Course description
Key facts
-The Centre for Critical Theory and the Department of Cultural Studies comprise one of the largest postgraduate operations within the Arts Faculty, with a population of 40 students in any one year, and providing a vibrant intellectual environment in an organised and informal way.
-The Department also benefits from the input and close collaboration of the Centre for Post-Conflict Cultures and the Institute for Comparative Cultures as well as staff from other Departments within the School of Modern Languages and in Schools and Departments in the Faculties of Arts, and Business, Law and Social Sciences.
-The Department is strongly international and offers excellent opportunities for staff, postgraduate students and undergraduate students to benefit from its wide range of international collaborative arrangements.
Course Content
Through two core and two optional modules, as well as your dissertation, this course enables you to draw on a wide variety of critical theories developed in the humanities and social sciences.

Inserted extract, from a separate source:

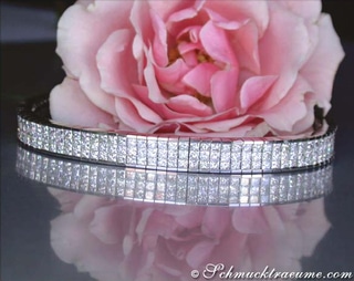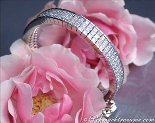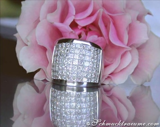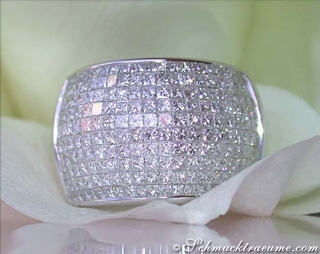 This excellent band with Princess diamonds combines timeless elegance, understatement and attractive charm - a piece of jewellery for ladies who prefer reserved design, but who do not forgo unusual accents.

To balance the broad theoretical scope of the taught classes, you will have the opportunity to focus on areas of individual interest in your essays and dissertation.
Core modules are Subject and Sign after Freud and Saussure and Social and Political Theories.
Current optional modules on this course include subjects such as:
-Mass Media
-Postcolonialisms
-Technology, Science, Life
-Poststructuralism and Writing
-Critiques of War
You also have the opportunity to choose a module from another of the many relevant MA programmes that run at Nottingham. Modules are typically taken from courses such as:
-Twentieth Century French and Francophone Literatures
-Film Studies
-American Studies
-Landscape and Culture
-Architecture and Critical Theory
-Visual Culture
Please note that all module details are subject to change.
You will be assigned both a personal tutor and dissertation tutor to guide you through your coursework.
Course Structure
You may follow the MA in Critical Theory over 1 year, full-time (October to September) or part-time over 2 to 3 years.
Full-time students take four modules in all - two core modules in the first semester and two optional modules in the second semester, plus a dissertation (worth 60 credits).
Part-time students can complete this course within 24 or 36 months, depending on their circumstances.
The largely seminar-based teaching will allow you to both learn about, and critically engage with, theoretical approaches such as Marxism, the Frankfurt School, Postcolonialism and Poststructuralism.
This is enhanced by a series of lectures taking you, step by step, through the critical tradition that runs from Kant right through to Heidegger and beyond.
Written coursework also encourages the development of the scholarly tools required for doctoral research, and many of our graduates do go on to do PhDs.
All taught modules are assessed by written work of 5,000 words, which are submitted towards the end of the semester in which the module is taught.
The dissertation module is assessed by a written work of up to 20,000 words, and is usually submitted in early September.
There are no examinations. All course work and dissertations are double marked within the School as well as being examined externally.